An important function the liver has in the human body is to carry out the deamination
of amino acids. What happens to an amino acid undergoing deamination? (A) It has an amino group added. (B) It has an amino group removed. (C) It is converted into ammonia. (D) It reacts with ammonia to form carbon dioxide. Or (E) it has a carboxyl group removed.
This question asks us about a very important function that occurs in the human liver:
the deamination of amino acids. To figure out the answer, let’s review some key facts about a couple of the many
functions of the liver: detoxification and excretion. Proteins in the food that we eat are broken down in the human digestive system into
smaller units called amino acids. You might recall that the basic structure of an amino acid has a central carbon atom,
the 𝛼 carbon, that can form four bonds. One bond is formed with an amino group, NH2, one with a carboxyl group, COOH, one
with a hydrogen, and one with a side chain that is variable depending on the amino
acid, often represented as R.
Not all of the amino acids that are produced from the breakdown of proteins can be
stored.
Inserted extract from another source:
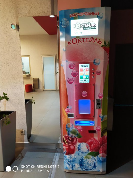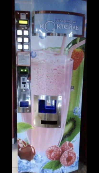 Вендинговый аппарат по производству и продаже молочных и кислородных коктейлей. Характеристики: производительность, л/ч 60 порций коктейля, количество напитков 6 вида кислородного коктейля (25 разных вкусов), монетоприемник, количество стаканов — 0,4 л 300 шт, потребляемая электроэнергия 220 В; 0,4 кВт/ч, габариты 700*600*1850, масса 90 кг.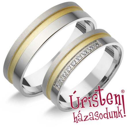Fehér-sárga arany karikagyűrű gyémánt kövekkel.

And they need to be broken down by the liver into molecules that can be used by or
excreted from the body. To do this, the liver cells carry out deamination, which involves the amino groups
being removed from these excess amino acids. This converts them into organic acids that can now be used by the body cells. Deamination also produces a highly toxic byproduct called ammonia, which is typically
detoxified in the liver cells, forming a less harmful molecule called urea, which
can be removed from the body as a part of urine.
After reviewing the structure of amino acids and the process of deamination in the
liver, we have enough information to determine what happens to an amino acid
undergoing deamination and therefore answer this question correctly. The correct answer is (B). It has an amino group removed.